D’abord appelée du terme général de « structuralisme », la méthode d’analyse sémiotique revendique Ferdinand de Saussure (1857-1913) comme ancêtre, Algirdas J. Greimas (1917-1992) comme fondateur.
L’originalité de la démarche sémiotique repose sur trois piliers principaux : immanence, différence et générativité. Ces trois principes ont pu donner forme à une pratique de l’analyse des textes bibliques mais ils ont été modifiés par la pratique même de la lecture. La structure du sens s’organise sur trois niveaux différents :
1) Le niveau narratif par l’agencement des états et des transformations dont la séquence constitue les récits.
2) Le niveau discursif par l’agencement des figures dans le discours analysé et par l’effet interprétatif de cet agencement.
3) Le niveau sémiotique (ou logico-sémantique) par l’agencement logique des valeurs sémantiques élémentaires sélectionnées par le jeu des figures et des rôles.

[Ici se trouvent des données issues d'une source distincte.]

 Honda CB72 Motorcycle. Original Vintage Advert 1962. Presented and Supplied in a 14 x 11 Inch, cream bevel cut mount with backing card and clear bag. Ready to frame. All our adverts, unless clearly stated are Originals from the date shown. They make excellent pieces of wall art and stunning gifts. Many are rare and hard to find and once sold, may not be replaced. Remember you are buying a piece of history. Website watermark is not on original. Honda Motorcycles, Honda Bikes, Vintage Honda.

Mis en forme, le contenu du texte est assumé par le niveau discursif que Greimas décomposait en plan syntaxique (ou figuratif) et plan sémantique (ou thématique). Mais dans cette perspective, le figuratif risque toujours d’être réduit au rôle de concrétisation de thèmes ou de valeurs (« Jésus », « salut », « promesse », etc). À partir de cette logique du programme génératif, les « grandeurs figuratives 343 » constituent la composante discursive qui vient prendre en charge, en vue de leur manifestation, les articulations narratives.
L’analyse sémiotique consiste donc à franchir ce niveau figuratif pour comprendre de quelles structures profondes il est la manifestation 344 . C’est l’organisation figurative comme telle qui fait sens dans les paraboles et celle-ci renvoie non pas à un plan sémantique, mais à l’instance énonciative que présuppose cette organisation figurative 345 . La question du discursif apparaît donc indissociable de la question de l’énonciation. C’est dans la ligne de cette problématique que s’est développée particulièrement la réflexion du CADIR à Lyon comme nous le verrons plus tard.

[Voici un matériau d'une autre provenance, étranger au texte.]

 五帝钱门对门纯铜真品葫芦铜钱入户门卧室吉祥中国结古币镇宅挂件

L’avantage de l’analyse sémiotique se trouve dans la rencontre avec la parole vivante de la Bible. La figure de la parole est en quelque sorte vidée de contenu préétabli par élimination des sens convenus attachés au mot et à ses emplois courants. Elle devient un signifiant capable d’atteindre un sujet là où se fait sentir la limite entre ce qu’il peut dire et ce qui est impossible à dire. Elle est parole « autre » en soi. Un autre avantage est qu’elle fournit de ce fait une compétence à un sujet interprète qui devient sujet interprété et d’un être de langage accessible à la parole autre.

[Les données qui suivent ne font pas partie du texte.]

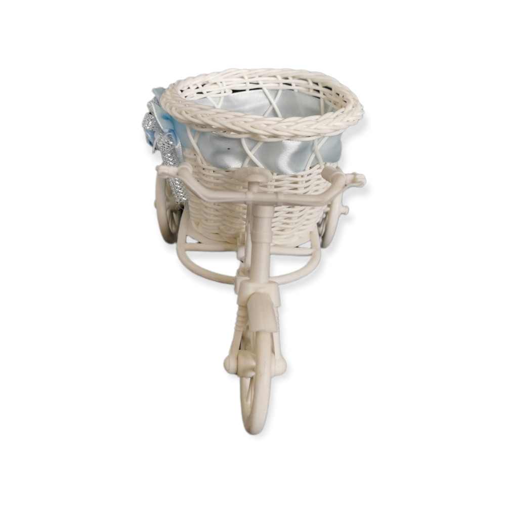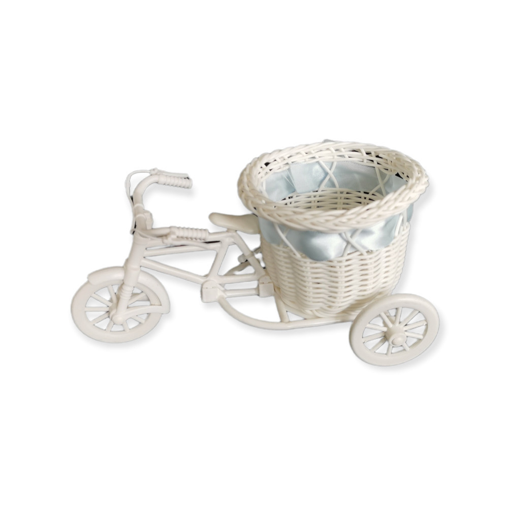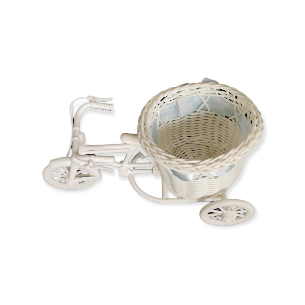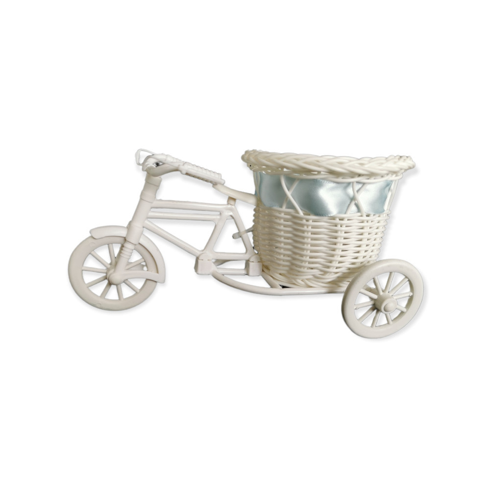 Virágtartó műanyag tricikli, mely műanyag fonott kosárral, selyem szalaggal van díszítve, amiben közepes méretű növényeket és egyéb dekorációs kiegészítőket helyezhetsz el.

La théorie sémiotique peut donner cependant une impression d’être comme les arcanes d’un langage compliqué. C’est peut-être un problème à résoudre pour l’application de la sémiotique à la pratique d’interprétation. D’ailleurs, il existe un piège à éviter pour ceux qui absolutisent la sémiotique au point de tenir pour négliger le fruit de la recherche historique, notamment historico-critique sur le texte.
Jacques GENINASCA, La parole littéraire, Paris, PUF, 1997, p.19-28.
La sémiotique greimassienne consiste à distinguer la manifestation et la signification : « Déterminer les formes multiples de la présence du sens et les modes de son existence, les interpréter comme des instances horizontales et des niveaux verticaux de la signification, décrire les parcours des transpositions et transformations des contenus, ce sont autant de tâches qui, aujourd’hui, ne paraissent plus utopiques. Seule une telle sémiotique des formes pourra apparaître, dans un avenir prévisible, comme le langage permettant de parler du sens. Car justement, la forme sémiotique n’est autre chose que le sens du sens. » Voir A.-J. GREIMAS, Du sens, Seuil, Paris, 1970, p.17.
Sur la lecture sémiotique des paraboles, on peut consulter J. DELORME, Parole-Figure-Parabole, Recherches autour du discours parabolique,(Linguistique et sémiologie), Lyon, PUL, 1987 ; Louis PANIER, « Lecture sémiotique de la parabole des mines – Luc 19, 11-27 », Les Paraboles évangéliques. Perspectives nouvelles,(éd. J. DELORME), Lectio Divina 135, Paris, Les Éditions du Cerf, 1989 ; Louis PANIER, « L’inestimable objet de l’interprétation – Approche sémiotique de la lecture», Sémantique et Rhétorique (éd. M. BALLABRIGA), Champs du signe, Éditions Universitaires du Sud, 1998, p.255-266.